INSTRUCTIONS TO FOLLOW
Copy each line of the listing below exactly and drop the images.

DATASET CONTENT
☆ ☆ ☆ ☆ ☆ ☆ ☆

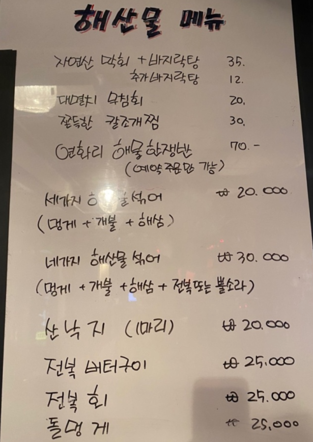 📌 참고로, '연화리 해물 한 쟁반' 메뉴는
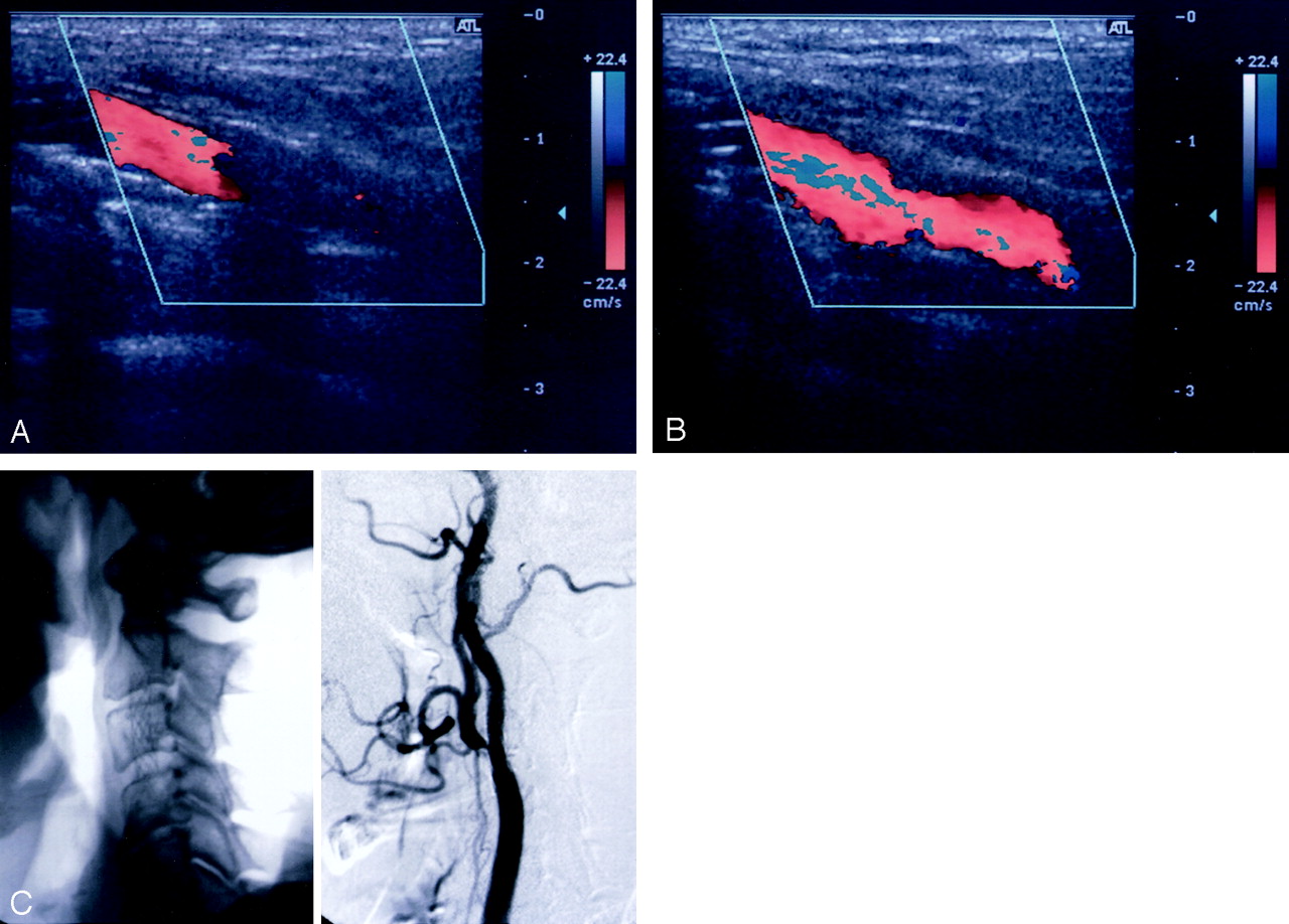 Doppler sonography is a noninvasive and easily repeatable investigation. Carotid Doppler scanning for the evaluation of the carotid circulation, however, has some limitations. A patient with a short neck or a high carotid bifurcation often cannot be fully imaged by means of conventional Doppler imaging (6, 7). In addition, the blood flow in the residual lumen in patients with high-grade carotid stenosis cannot be detected because of sonographic absorption by the atheroma. Furthermore, in patients who undergo CS placement for the treatment of carotid artery stenosis, endovascular prostheses make sonographic penetration difficult (8).
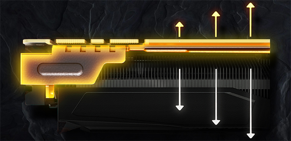 Специальная усилительная пластина укрепляет видеокарту, защищая ее от повреждений в результате изгиба.

☆ ☆ ☆ ☆ ☆ ☆ ☆

EXERCISE RESPONSE
 📌 참고로, '연화리 해물 한 쟁반' 메뉴는
 Doppler sonography is a noninvasive and easily repeatable investigation. Carotid Doppler scanning for the evaluation of the carotid circulation, however, has some limitations. A patient with a short neck or a high carotid bifurcation often cannot be fully imaged by means of conventional Doppler imaging (6, 7). In addition, the blood flow in the residual lumen in patients with high-grade carotid stenosis cannot be detected because of sonographic absorption by the atheroma. Furthermore, in patients who undergo CS placement for the treatment of carotid artery stenosis, endovascular prostheses make sonographic penetration difficult (8).
 Специальная усилительная пластина укрепляет видеокарту, защищая ее от повреждений в результате изгиба.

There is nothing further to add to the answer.